Изменить размер шрифта - +

— Но хоть что-то у него должно быть? Если он есть, если он существует, значит, у него есть что-то, куда я могу вонзить меч, или стрелу, или просто крепкий кулак! Как мне его убить?

— Этого я не знаю. К тому же, — Шестилик прекратил свою скороговорку и повернулся к нему лицом задумчивым и отрешенным, — я вовсе не уверен, что тебе следует его убивать.

— Как?! — взревел Конан. — Кто же займется этим, если не я? Ты, может быть? Ваши мужчины, трусливые, как сурки, и озлобленные, как крысы?!..

— Ты не понял меня, — сказал Шестилик. — Я не уверен, что его вообще нужно лишать жизни.

Конан чуть не захлебнулся воздухом от изумления и возмущения.

— И это ты говоришь о нем?!.. Который превратил здешний народ в пугливых и нелюдимых животных, прячущихся по своим норам? Который расплодил свору исчадий, усердно приносящих ему в зубах все новые и новые жертвы? Который тебя самого, наконец, сделал заячьим хвостом, постоянно трясущимся от ужаса?..

— Да, да, да, все это так, — запрыгал шар, соглашаясь. — Но кто может поручиться, что если не станет Черного Слепца, не появится кто-нибудь гораздо хуже?

— Да куда уж хуже! — усмехнулся киммериец.

— Я живу на свете много тысяч лет, — вздохнул Шестилик. — Хотя я периодически забываю почти все, что со мной случается, но есть нечто — на уровне памяти всего тела — что позабыть невозможно. И это нечто — постоянная тревога, постоянное предчувствие опасности, грозящей то с неба, то с моря, то из расщелины на берегу, то из пасти крохотной змейки, то от мечей нагрянувших невесть откуда вражеских племен… К Черному Слепцу мы уже привыкли. Мы знаем, чего от него ждать, знаем, как уберечься от его исчадий. Только полный глупец или слишком мягкосердечный — что тоже самое — человек откликнется сейчас на чью-нибудь просьбу. Мы знаем, когда случится очередное землетрясение от удара его сердца, и никто в этот день не выйдет на лодке в океан, не полезет в глубину шахты. К серым скалам ни один человек не приблизится по доброй воле, если только он не самоубийца. Мы привыкли, мы знаем. Когда же появится новое, неизвестное зло…

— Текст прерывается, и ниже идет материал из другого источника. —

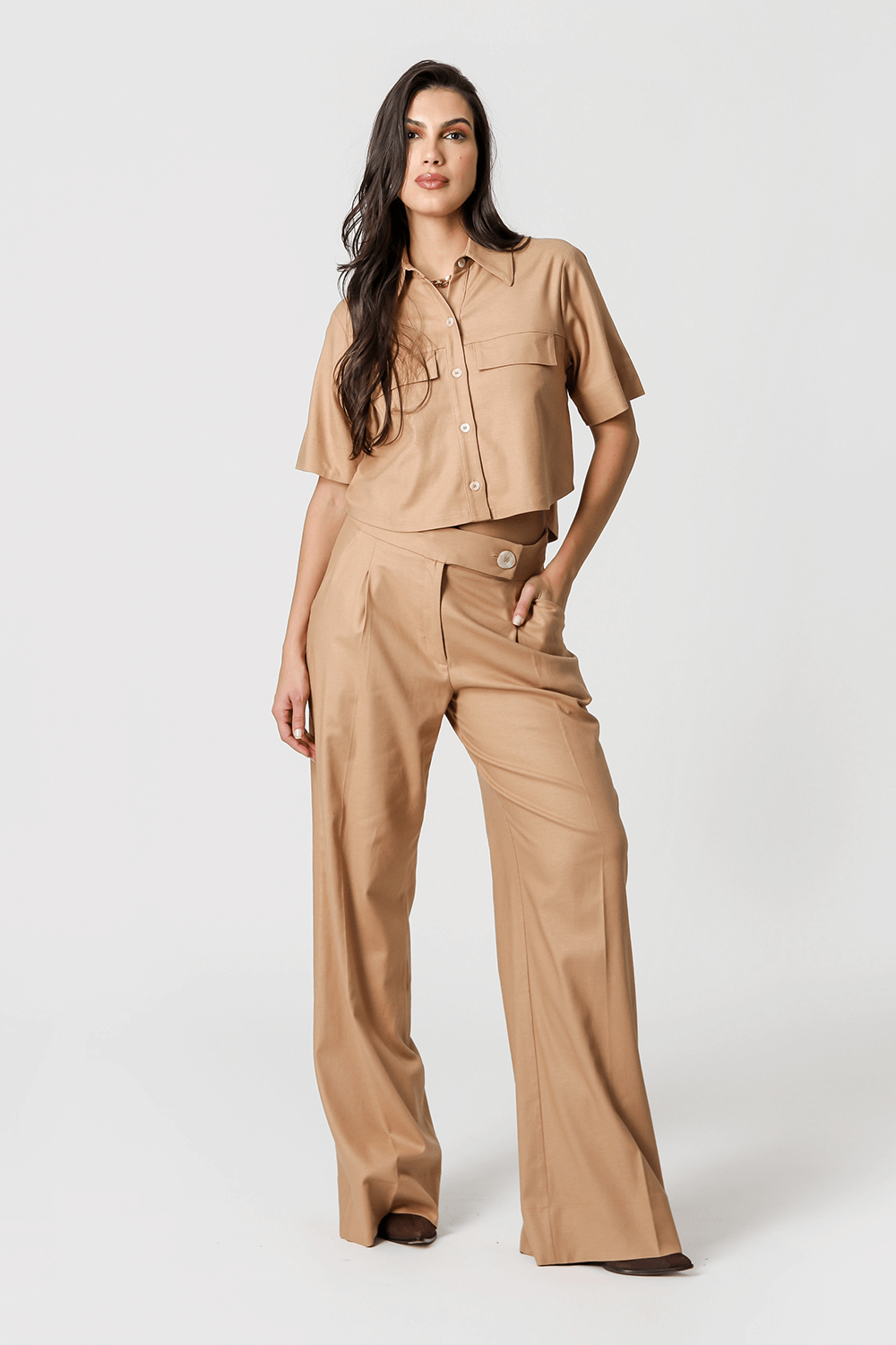 Calça Cos Transpassado De Linho pantalona com bolso faca e passadoria vincada e barra larga. Uma peça atemporal, ideal para look work casual.

— Да почему же, разрази тебя Кром, должно обязательно появиться новое зло?!..

— Я живу на свете многие тысячи лет, — повторил Шестилик. — Я знаю. Так уж устроен мир.

— Так уж устроен ты! — возразил киммериец. — Теперь же — выкатывайся поскорее обратно и прощай!

— Прощай! — радостно пискнул шар, готовясь сорваться с места.

— Погоди-ка! — остановил его Конан. — Еще одно! Я не совсем понял, что это за странное и дивное существо, что одолжило мне недавно пучок своей гривы. Кто он? Зверь?.. Бог?..

— Не зверь и не бог, — ответил Шестилик, пританцовывая от нетерпения поскорее ринуться прочь отсюда. — Для зверя он слишком свободен, для бога — слишком напоминает зверя. Он — Владыка Стихий, вот и все.

— Ему молятся? На него охотятся? Ему приносят жертвы?.. — не унимался киммериец.

— Ни то, ни другое, ни третье. В давние времена его удавалось видеть очень редко, раз в двести-триста лет. Поэтому большинство не верило, что он есть, считало выдумкой, детской сказкой. Но когда появился Черный Слепец, стали встречать все чаще и чаще. Изредка отдельным смельчакам удавалось срывать с его гривы цветы живого огня. Когда обнаружили, чти огонь этот страшнее смерти для исчадий, стали хранить его как бесценное сокровище и прятать от недобрых, воровских глаз.

— А может, и Черный Слепец боится его? — спросил Конан.